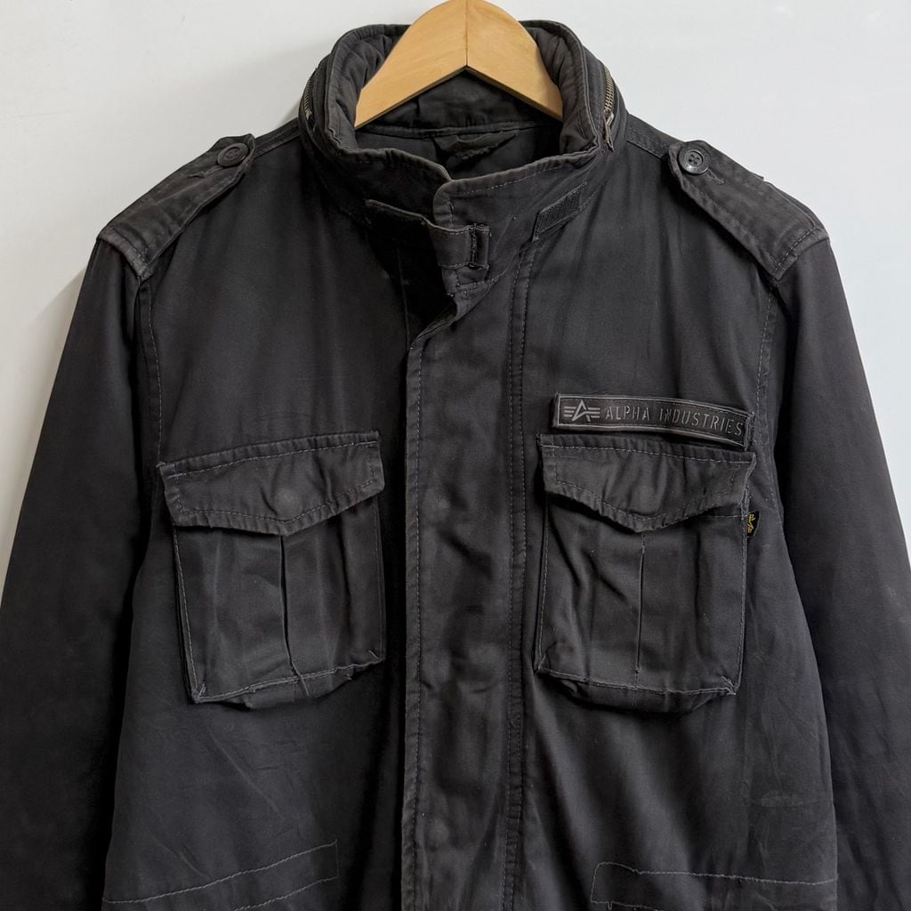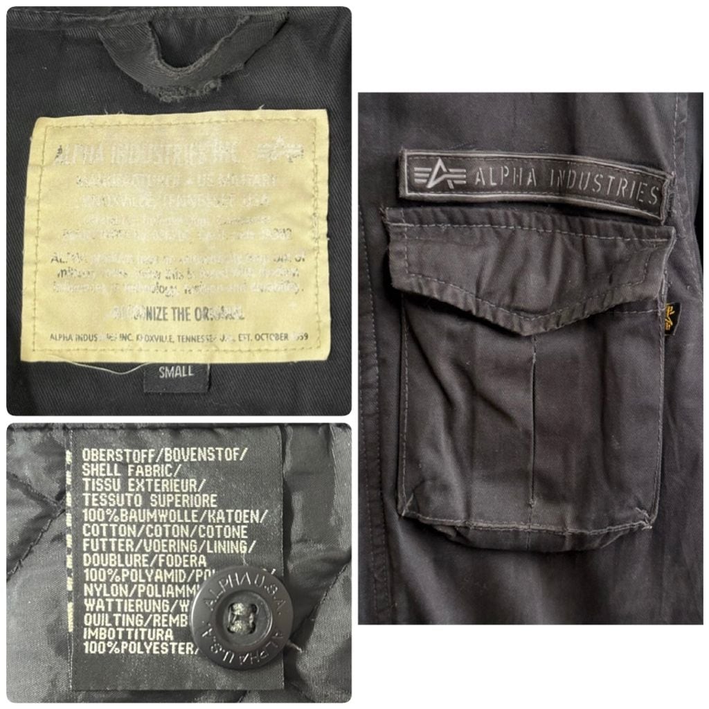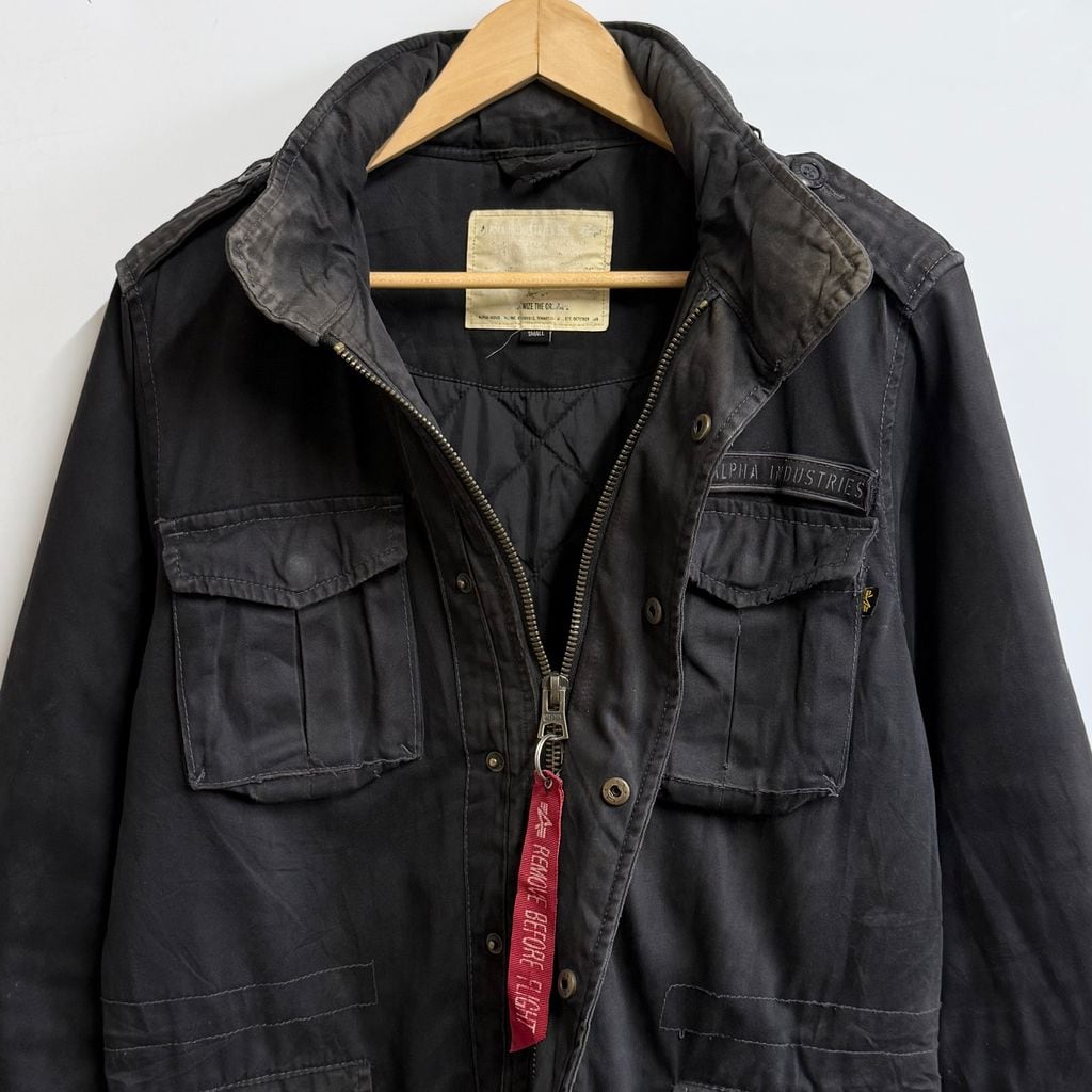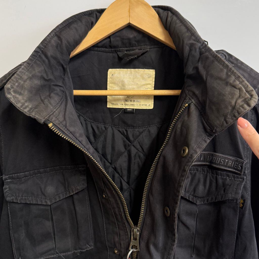 ALPHA INDUSTRIES アルファインダストリーズ ボロ コットンジャケット フィールドジャケット フード付き スナップボタン×フルジップ 黒 ブラック Sサイズ No.M802
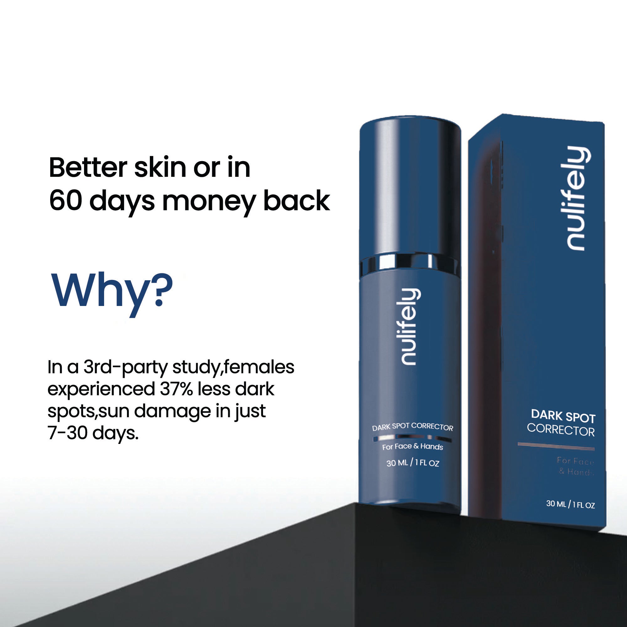 Nulifely Dark Spot Corrector fades discoloration, evens skin tone, and restores radiant clarity in just weeks—visible results you can trust.
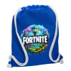 Fortnite land, Backpack pouch GYMBAG Blue, with pocket (40x48cm) & thick cords
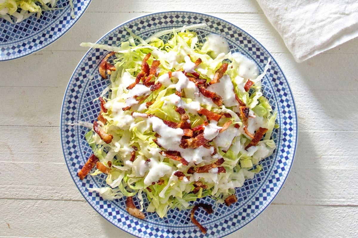 Crisp iceberg lettuce (I love me some iceberg lettuce) gets chopped into ribbons so the creamy dressing, smoky bacon, and juicy tomatoes mingle in every bite. It’s fresh, crunchy, and totally satisfying, whether you serve it as a side or pile it high for lunch.
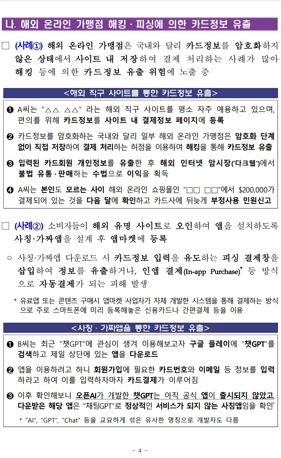 4. 온라인 쇼핑 후 카드정보 피싱 등이 의심되는 경우 즉시 하나카드 콜센터(☎1800-1111)로 카드 정지·재발급을 신청하세요!
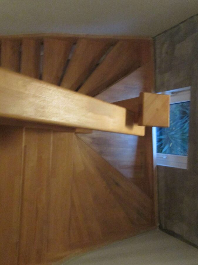 Im Dachgeschoss sind ein Tageslichtbad mit interessanter Badewanne sowie Dusche und drei Schlafzimmer vorhanden. Sie können von hier aus auf dem wunderschönen Holzbalkon hinausgehen und den Blick auf die umliegenden Felder schweifen lassen.
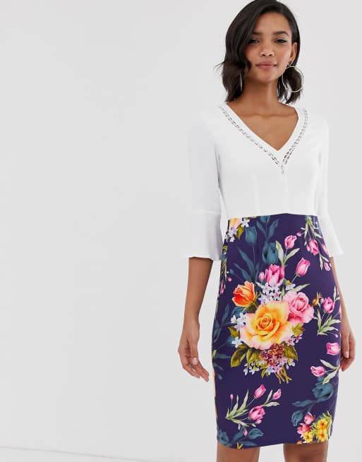 Paper Dolls Navy Floral Colour Block Bodycon Dress Shopperboard
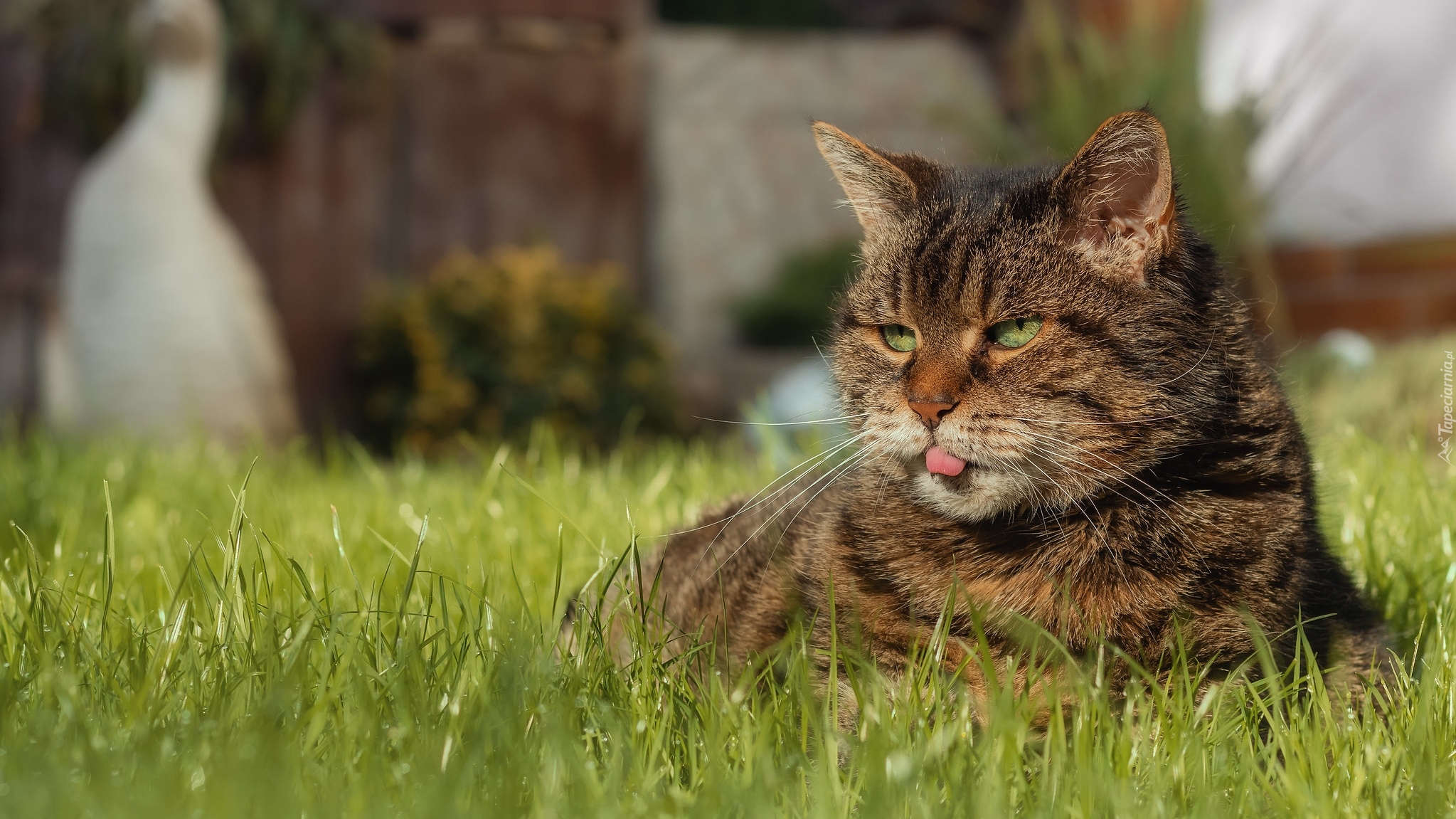 Edytor tapety: Bury kot z wystawionym językiem

§ §

= EXERCISE =
Each entry above must be restated word for word; the pictures stay out of the copy.

= OUTPUT BELOW =
 ALPHA INDUSTRIES アルファインダストリーズ ボロ コットンジャケット フィールドジャケット フード付き スナップボタン×フルジップ 黒 ブラック Sサイズ No.M802
 Nulifely Dark Spot Corrector fades discoloration, evens skin tone, and restores radiant clarity in just weeks—visible results you can trust.
 Fortnite land, Backpack pouch GYMBAG Blue, with pocket (40x48cm) & thick cords
 Crisp iceberg lettuce (I love me some iceberg lettuce) gets chopped into ribbons so the creamy dressing, smoky bacon, and juicy tomatoes mingle in every bite. It’s fresh, crunchy, and totally satisfying, whether you serve it as a side or pile it high for lunch.
 4. 온라인 쇼핑 후 카드정보 피싱 등이 의심되는 경우 즉시 하나카드 콜센터(☎1800-1111)로 카드 정지·재발급을 신청하세요!
 Im Dachgeschoss sind ein Tageslichtbad mit interessanter Badewanne sowie Dusche und drei Schlafzimmer vorhanden. Sie können von hier aus auf dem wunderschönen Holzbalkon hinausgehen und den Blick auf die umliegenden Felder schweifen lassen.
 Paper Dolls Navy Floral Colour Block Bodycon Dress Shopperboard
 Edytor tapety: Bury kot z wystawionym językiem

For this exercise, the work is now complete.